Member of the Chamber of Deputies
- In office 15 May 1941 – 15 May 1945
- Constituency: 4th Departamental Grouping

Personal details
- Born: 15 August 1901 La Serena, Chile
- Died: 22 November 1986 (aged 85) Santiago, Chile
- Party: Radical Party
- Spouse(s): Olga Cereceda Carvallo; Rosa Barrios
- Profession: Lawyer

= Jorge Salamanca =

Chilean politician (1901–1986)

Jorge Oscar Salamanca Valdivia (15 August 1901 – 22 November 1986) was a Chilean lawyer and politician of the Radical Party. He served as a member of the Chamber of Deputies between 1941 and 1945, representing the Coquimbo–Elqui region.

== Biography ==
Salamanca Valdivia was born in La Serena, Chile, on 15 August 1901. He was the son of Armando Salamanca and Luisa Valdivia.

He completed his secondary education at the Gregorio Cordovez High School in La Serena and later studied law at the University of Chile, graduating as a lawyer in 1925. His degree thesis was entitled On Bankruptcies and Punishable Insolvencies.

Throughout his professional career, he held several public positions, including trustee in bankruptcy in La Serena (1929–1934), prosecutor of the Court of Appeals of La Serena (1935), director of the Banco del Estado de Chile (1938), secretary of the Intendancy of Coquimbo Province (1939–1941), and later Intendant of Santiago.

In the private sector, he served as vice president of the Valdivia Electro-Siderurgical Company and was a partner in Adolfo Floto & Co. Ltd., an electric power company in Coquimbo.

He married Olga Cereceda Carvallo and later Rosa Barrios.

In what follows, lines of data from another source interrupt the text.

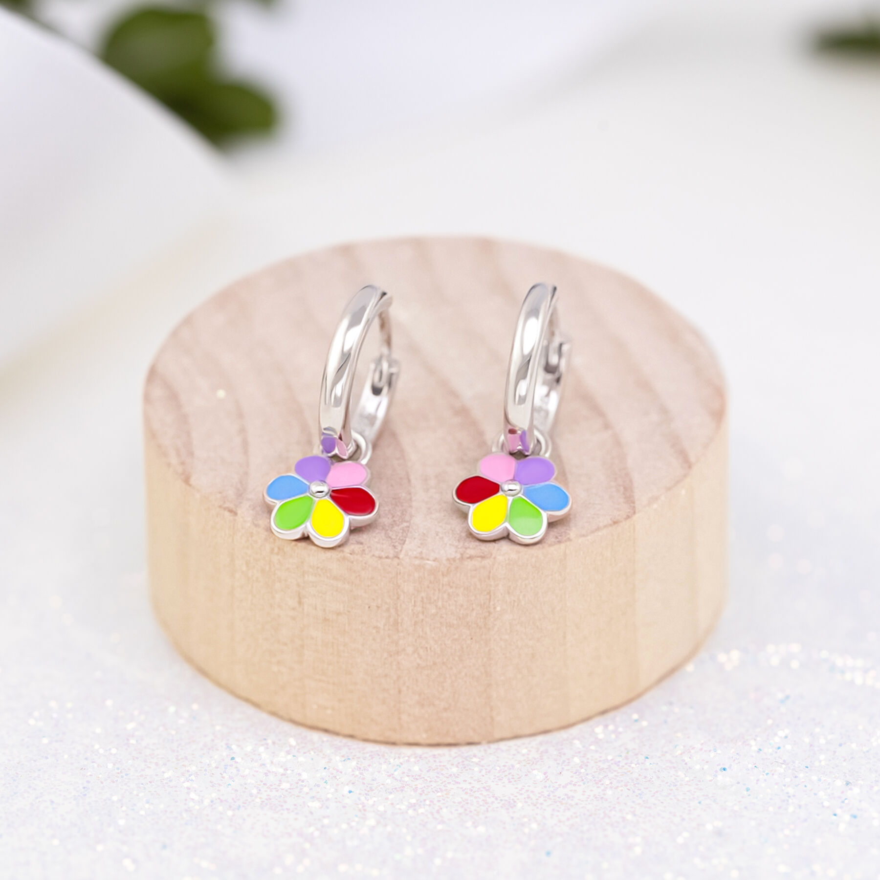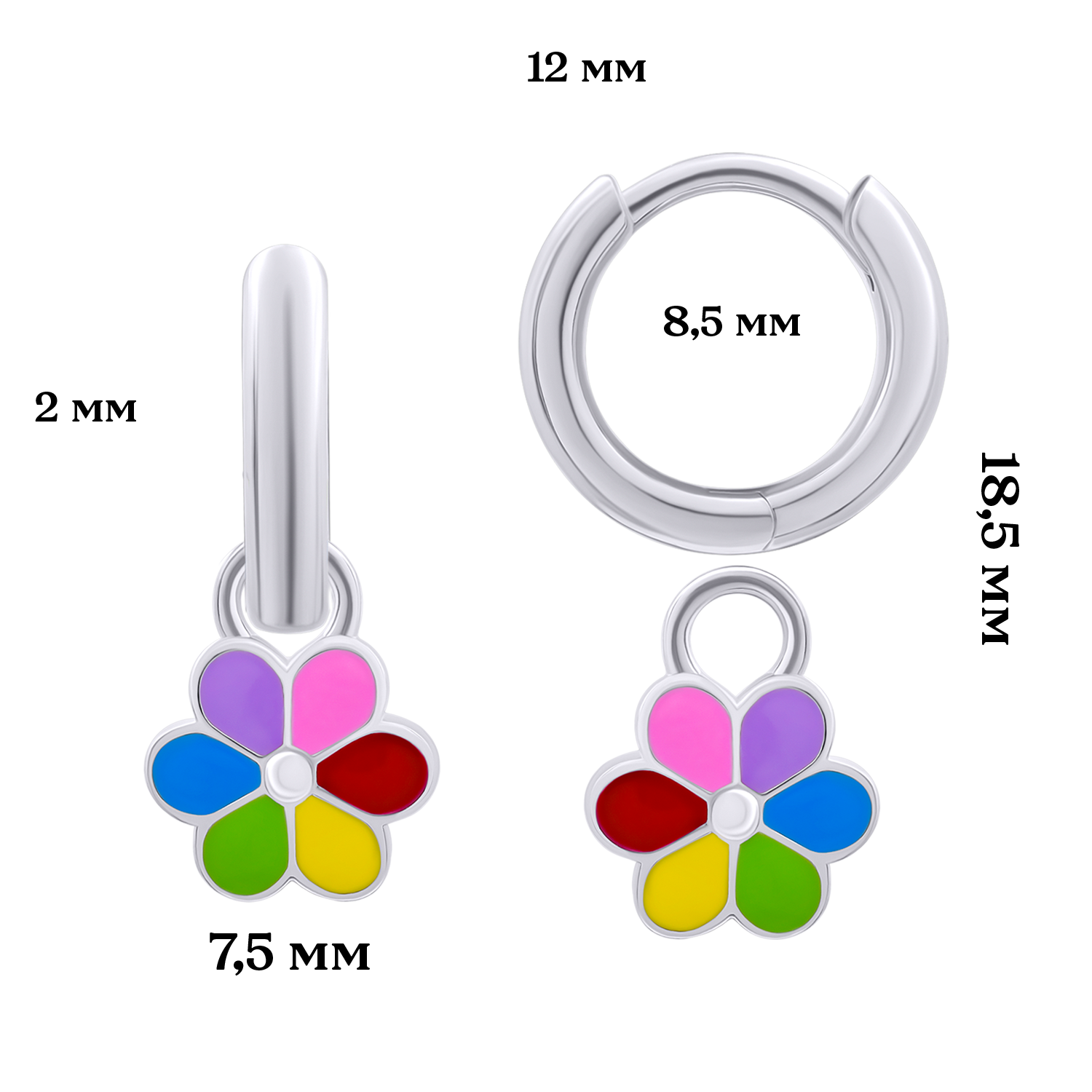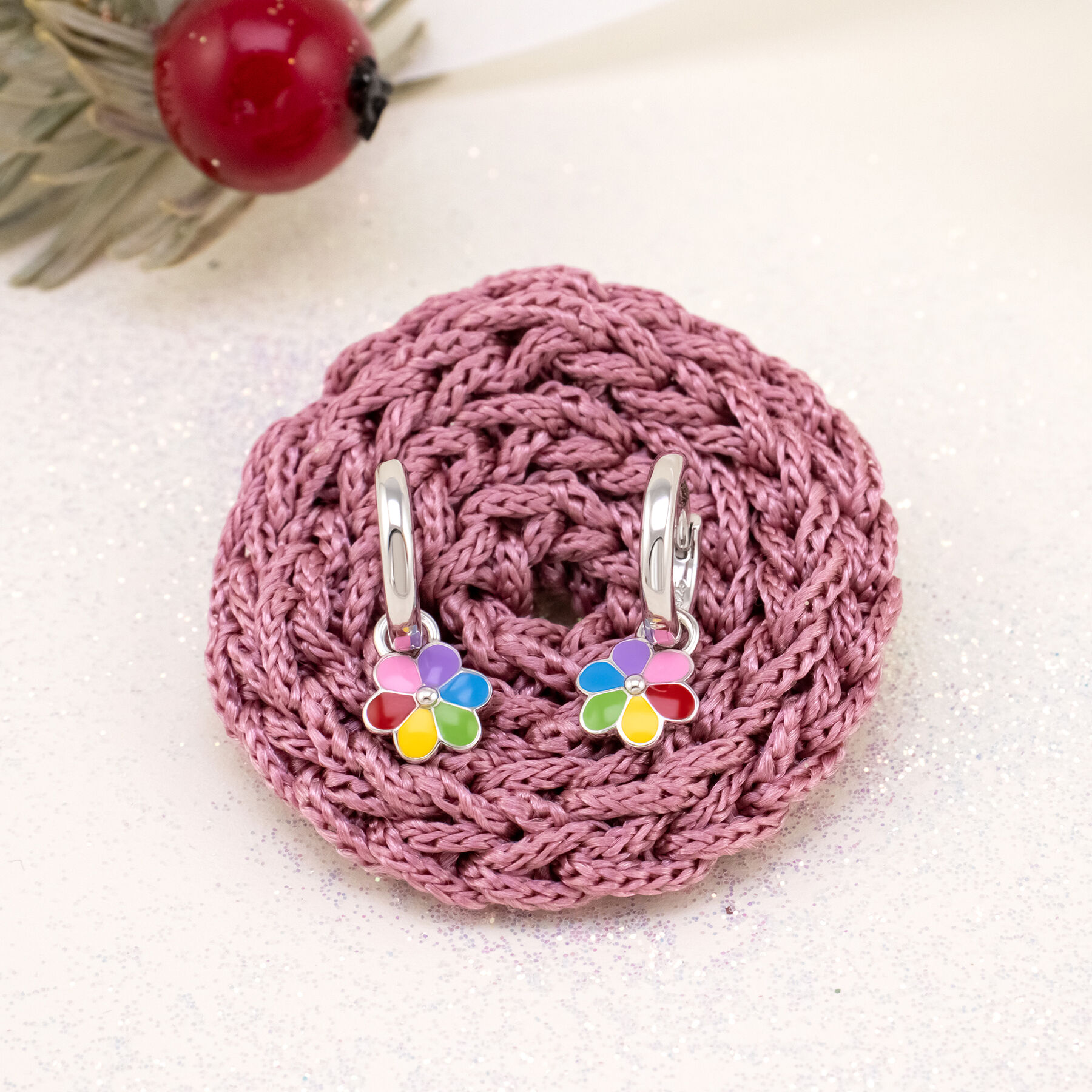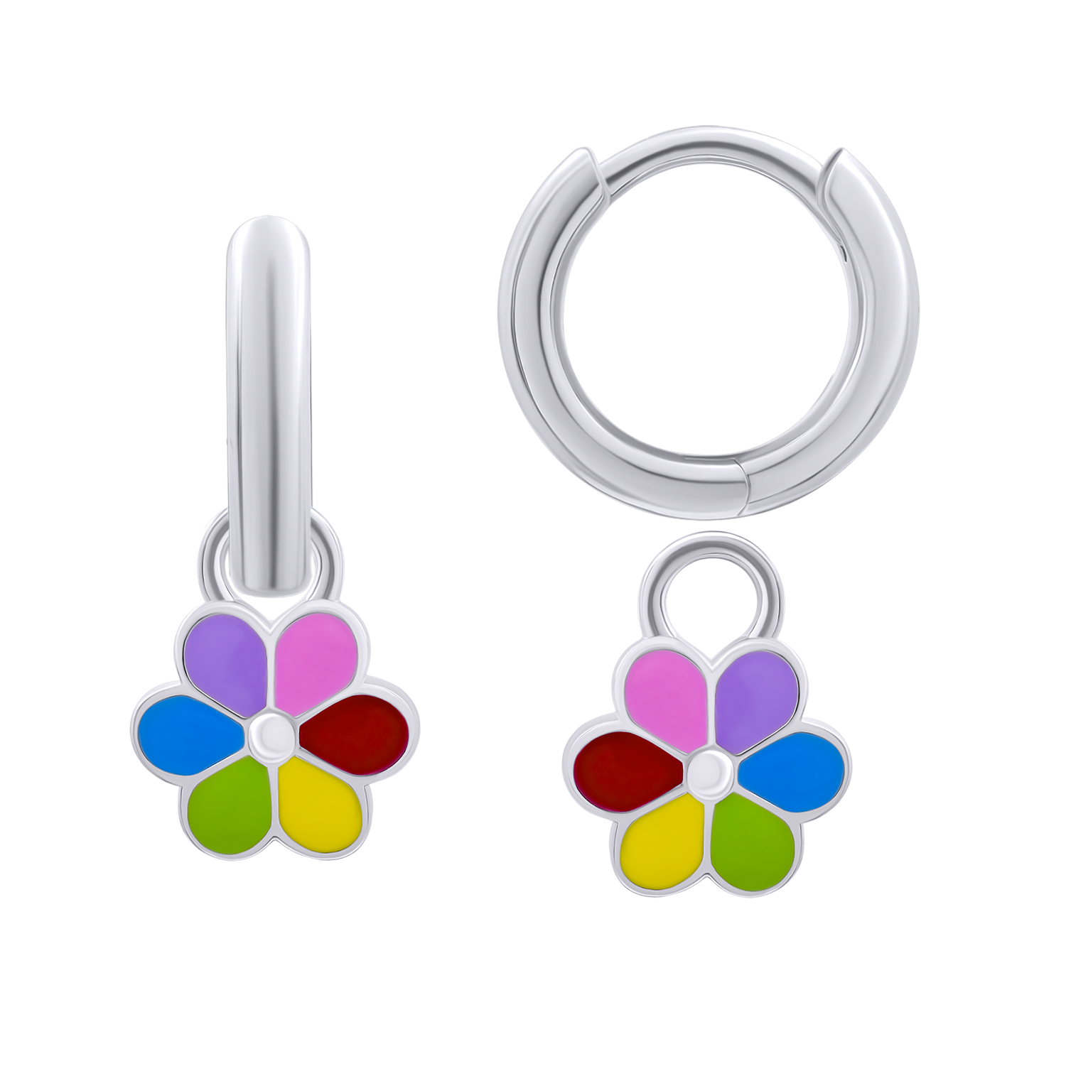 Сережки з підвісами Ромашка кольорова з різнобарвною емаллю, d 12 мм із колекції UmaUmi Transformers – красиві, легкі і зручні дитячі сережки. Відмінний ювелірний подарунок на будь-яке свято!
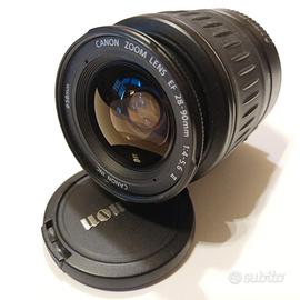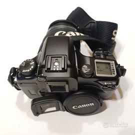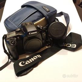 Impossibile elencare tutte le caratteristiche di questa fotocamera analogica CANON EOS 33 cui si aggiunge un generoso zoom Canon EF 28-90 Macro (38cm.) ed un marsupio con tasca interna per alloggiare il tutto. Completa di tracolla originale CANON EOS.
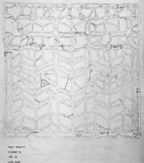 3 Three rubbings were carefully taken from the leadwork of each panel. One of these was used to lay out the glass following dismantling from the lead. The second was used as a guide during re-leading and the third was marked up as a conservation diagram using CBC (Church Buildings Council) annotation.
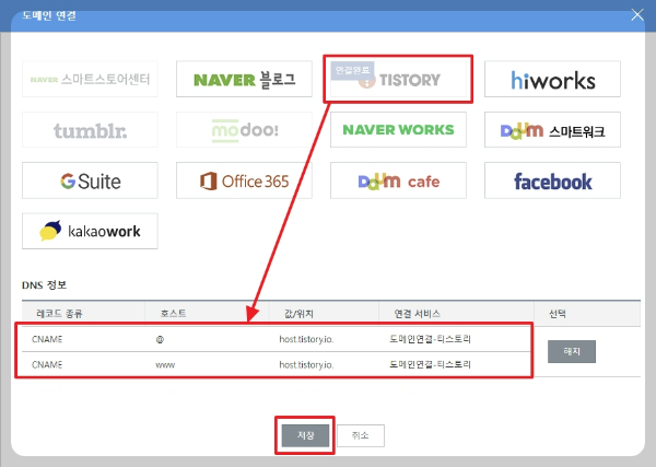 6) [TISTORY] 버튼 클릭 후 DNS 정보에 CNAME 레코드 2개가 생성된 것을 확인 후 [저장] 버튼을 클릭합니다.
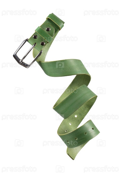 Часть кожаного ремня с металлической застежкой вблизи изолирована на белом фоне
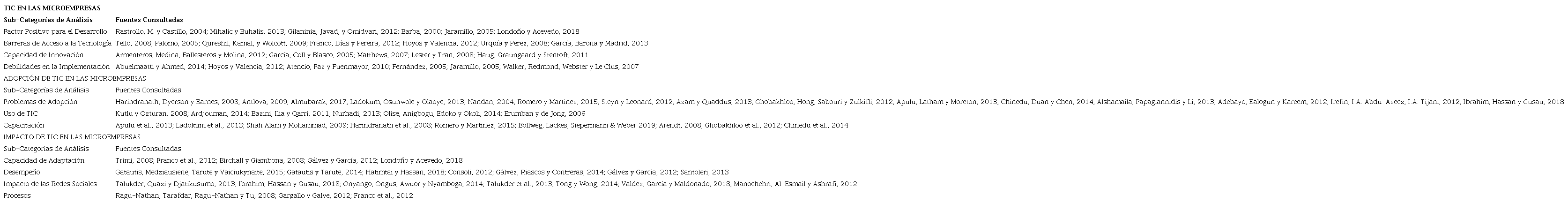 De manera a alcanzar el objetivo de este estudio se procedió a realizar una revisión bibliográfica en la literatura especializada dividiendo la búsqueda en tres diferentes categorías de análisis: las TIC en las microempresas, la adopción de TIC y el impacto de TIC en la gestión administrativa de microempresas. Cada una de estas tres categorías fue dividida en distintas subcategorías de análisis, seleccionando cuatro subcategorías para las TIC en las microempresas, tres subcategorías para la adopción de TIC en las microempresas y otras cuatro subcategorías para el impacto de las TIC en las microempresas. En el Cuadro 1 se observan las fuentes consultadas para cada una de las categorías analizadas y las respectivas subcategorías de análisis.
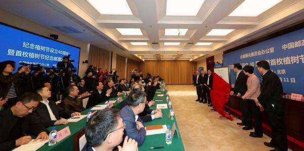 3月11日,中国邮政集团公司与全国绿化委员会办公室在京共同举办纪念植树节设立40周年暨首枚植树节纪念邮票发布仪式,并现场签署合作框架协议。双方此次合作,旨在贯彻落实党中央关于建设生态文明、推进国土绿化工作的决策部署,以植树节设立40周年为契机,通过发行纪念邮票、倡导义务植树等形式,树立和培养广大公众生态文明理念,鼓励和引导社会各界参与国土绿化行动。 全国绿化委员会、国家邮政局、中国邮政集团公司相关领导和嘉宾出席了发布仪式,并为首枚植树节纪念邮票揭幕(见图)。
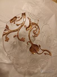 Alzata Ivv, nuova mai usata, placcata in oro. Altezza 16cm, diametro 33cm.
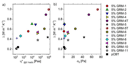 The presence of a percolating network of thermally conductive nanoparticles within an insulating polymer matrix is expected to enhance the heat transport properties of the relevant nanocomposites. Attempting to correlate the nanocomposites thermal conductivity with the quality of their GRM percolation network, λ values are reported vs. the complex viscosity at ω = 0.1 rad/s in Figure 7a. Nanocomposites exhibiting little or no increase in low shear rate viscosity (GRM-7, GRM-8 and GRM-10) led to a limited or no enhancement in the thermal conductivity, compared to the pristine polymer. This result is not surprising as the occurrence of a dense GRM percolating network is generally assumed to be needed for efficient heat transfer. On the other hand, the best heat conduction performance was obtained with GRM-5T, corresponding to the highest viscosity value. Beside these results, a general increasing trend for λ may be recognized as a function of viscosity, within a significant data scattering. Indeed, the several nanocomposites with thermal conductivity in the range of 0.4 to 0.6 W/mK (GRM-1, 4, 5, 7, 8, 9) correspond to extremely variable viscosity (@0.1 rad/s), ranging from 102 to 105 Pa∙s. On the other hand, nanocomposites with η*@0.1 rad/s in the range of 105 Pa∙s (GRM-4T, 5, 5T, 6) correspond to rather variable λ values. The correlation between nanocomposites thermal conductivity and yield stress values (Figure 7b) provides similar trends, with a general increase in λ when increasing the σ0 value, along with a wide scatter of experimental points. Despite the two rheological parameters (σ0 and η*@0.1 rad/s) identified in this work for the correlation with thermal conductivity appear to be qualitatively equivalent, it is worth noting that σ0 is a fundamental parameter describing the rheological properties of the material, while the low shear rate viscosity value was arbitrarily taken at 0.1 rad/s.
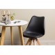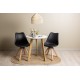 Hvilken perfekt kombination af stil og design! Det runde spisebord Leonora har en rund top i hvidt MDF og en trebenet ramme i en dejlig egetræslook. Her i en stilfuld kombination med bæredygtige spisebordsstole fra Zeno-serien. Stolen har et indbydende design med ryglæn og sæde i sort plastik, indbygget sædepude med høj komfort og fire udstillede ben i træ. Indret dit hjem smart og holdbart! Bordets diameter: 65 cm.
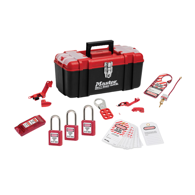 The Master Lock 1457E410KA Personal Lockout Kit is a comprehensive safety solution designed for electrical lockout procedures. This professional-grade kit includes essential devices to help isolate energy sources and ensure worker safety during maintenance or service operations. Packaged in a durable, upgraded toolbox, the kit offers organized storage for quick access and portability. Perfect for electricians, maintenance personnel, and safety managers, the Master Lock 1457E410KA kit offers peace of mind and streamlined lockout/tagout operations.
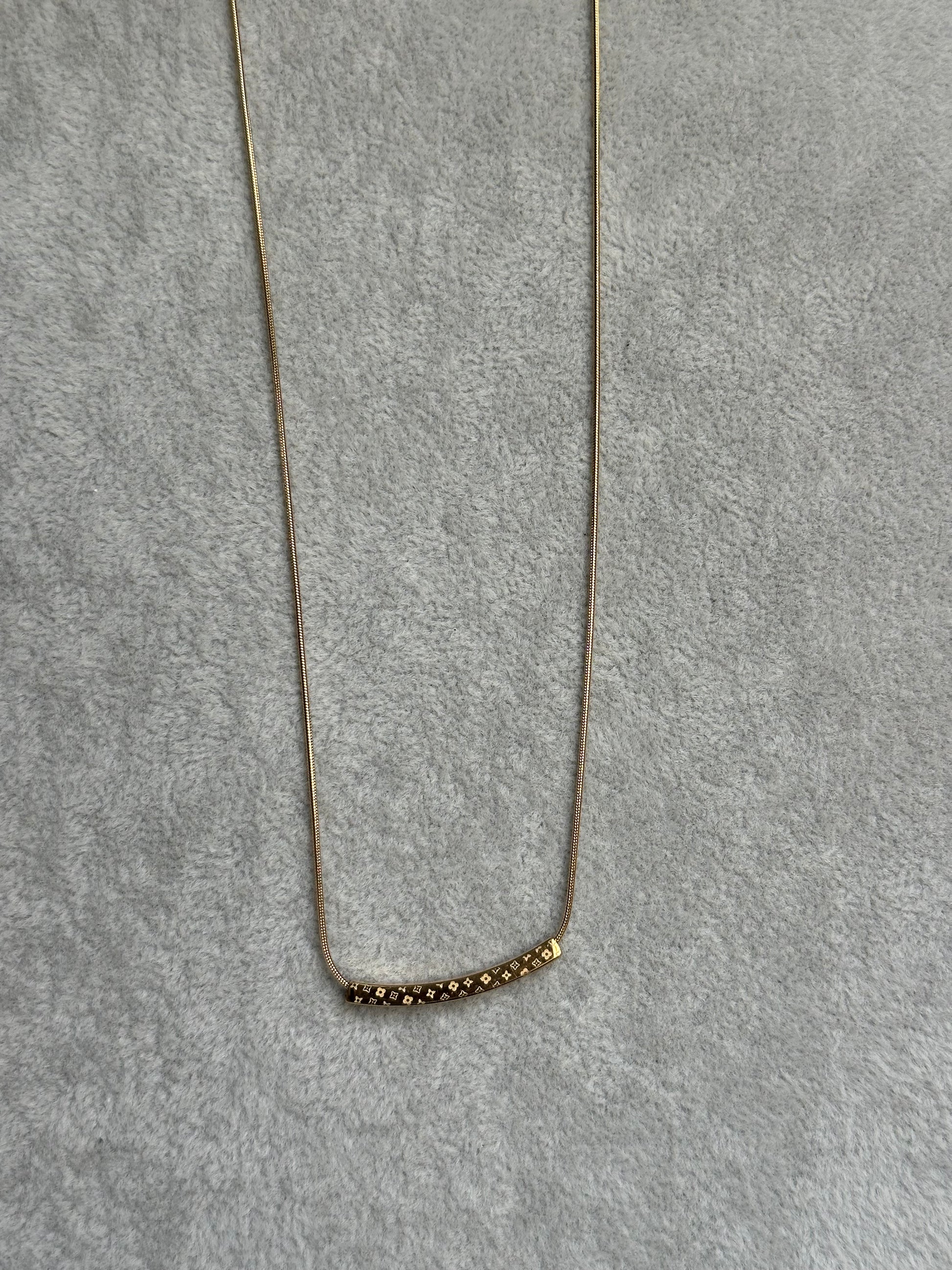 A minimalist gold pendant suspends effortlessly from a fine chain, creating a refined statement that complements any outfit—day or night.

Salamanca Valdivia died in Santiago on 22 November 1986, at the age of 85.

== Political career ==
A long-standing member of the Radical Party, Salamanca Valdivia was elected to the Chamber of Deputies in the 1941 parliamentary elections, representing the 4th Departmental Group (La Serena, Coquimbo, Elqui, Ovalle, Combarbalá and Illapel) for the 1941–1945 legislative term.

During his time in Parliament, he served on the Standing Committees on Constitution, Legislation and Justice, as well as Economy and Commerce.

He was also a member of the Rotary Club and the La Serena Club.